Data section start

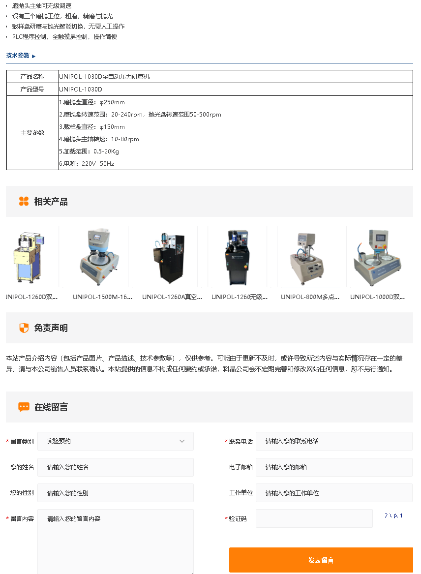 UNIPOL-1030D全自动压力研磨机
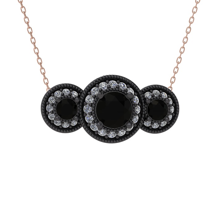 Siyah zirkon ve pırlanta 925 ayar siyah rodyum kaplama gümüş kolye (0.462 karat, 40 cm rose altın rolo zincir)
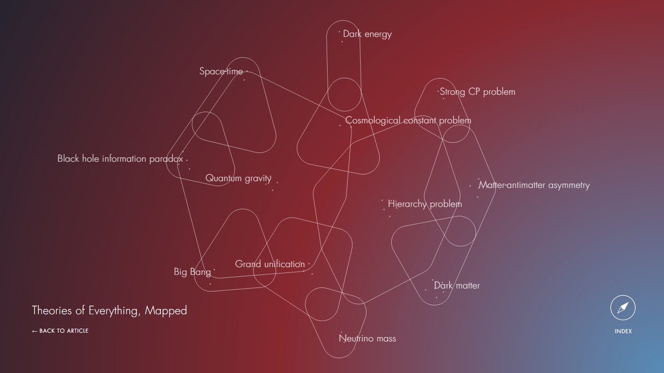 Um novo mapa da fronteira da física fundamental, construído pelo desenvolvedor interativo Emily Fuhrman da Quanta Magazine, faz questionamentos de peso mais ou menos de acordo com a sua importância no avanço do campo. Parecia natural para dar maior peso para a busca de uma teoria da gravidade quântica, que abarcaria a relatividade geral e a mecânica quântica, num quadro único. Em seu trabalho do dia-a-dia, porém, muitos físicos concentram mais no enraizamento da matéria escura, resolvendo o problema da hierarquia do Modelo Padrão, e ponderando os acontecimentos em buracos negros, esses engolidores misteriosos de espaço e tempo. Para cada questão, o mapa apresenta várias soluções propostas. As relações entre estas propostas formam uma rede de idéias.
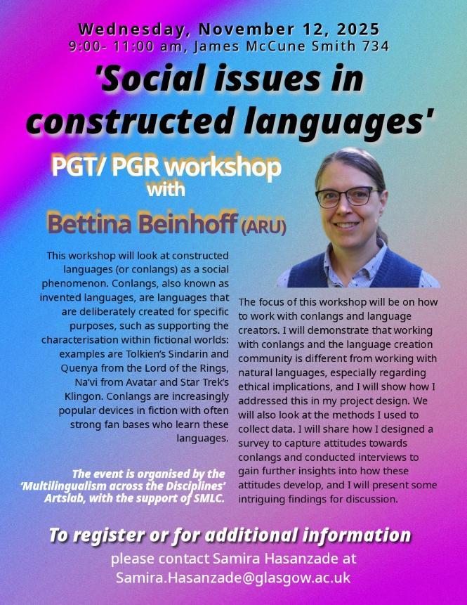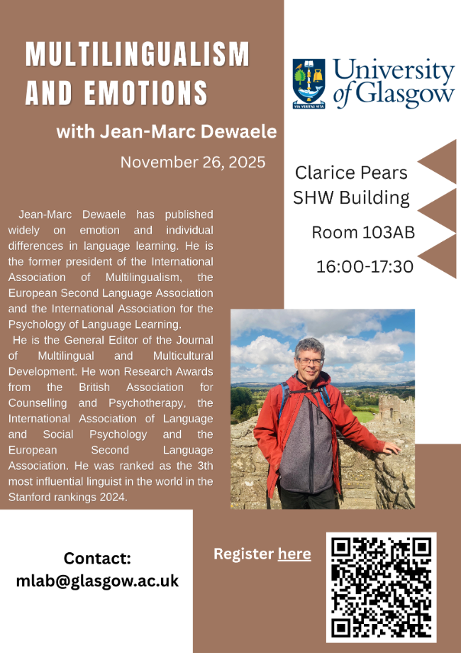 Multilingualism across the Disciplines lab brings together researchers engaging with multilingualism in different fields (literary studies, linguistics, education, psychology and neuroscience) and community organisations that work with multilingual audiences. Our aim is to foster creativity in research and interdisciplinary collaboration. Through workshops, presentations and other activities, we offer researchers the opportunity to learn about each other’s methodologies, to promote better research practice within the context of multilingualism, and to share connections with potential stakeholders. Our Multilingualism Reading Group offers a platform for members from the University of Glasgow colleges and schools to regularly share, explore and discuss research into multilingualism with colleagues across university and invited multilingualism experts from across the world.

Data section end

_Work instruction_
Drop the pictures and reproduce the rest of the data exactly.

_Result of the task_
 UNIPOL-1030D全自动压力研磨机
 Siyah zirkon ve pırlanta 925 ayar siyah rodyum kaplama gümüş kolye (0.462 karat, 40 cm rose altın rolo zincir)
 Um novo mapa da fronteira da física fundamental, construído pelo desenvolvedor interativo Emily Fuhrman da Quanta Magazine, faz questionamentos de peso mais ou menos de acordo com a sua importância no avanço do campo. Parecia natural para dar maior peso para a busca de uma teoria da gravidade quântica, que abarcaria a relatividade geral e a mecânica quântica, num quadro único. Em seu trabalho do dia-a-dia, porém, muitos físicos concentram mais no enraizamento da matéria escura, resolvendo o problema da hierarquia do Modelo Padrão, e ponderando os acontecimentos em buracos negros, esses engolidores misteriosos de espaço e tempo. Para cada questão, o mapa apresenta várias soluções propostas. As relações entre estas propostas formam uma rede de idéias.
 Multilingualism across the Disciplines lab brings together researchers engaging with multilingualism in different fields (literary studies, linguistics, education, psychology and neuroscience) and community organisations that work with multilingual audiences. Our aim is to foster creativity in research and interdisciplinary collaboration. Through workshops, presentations and other activities, we offer researchers the opportunity to learn about each other’s methodologies, to promote better research practice within the context of multilingualism, and to share connections with potential stakeholders. Our Multilingualism Reading Group offers a platform for members from the University of Glasgow colleges and schools to regularly share, explore and discuss research into multilingualism with colleagues across university and invited multilingualism experts from across the world.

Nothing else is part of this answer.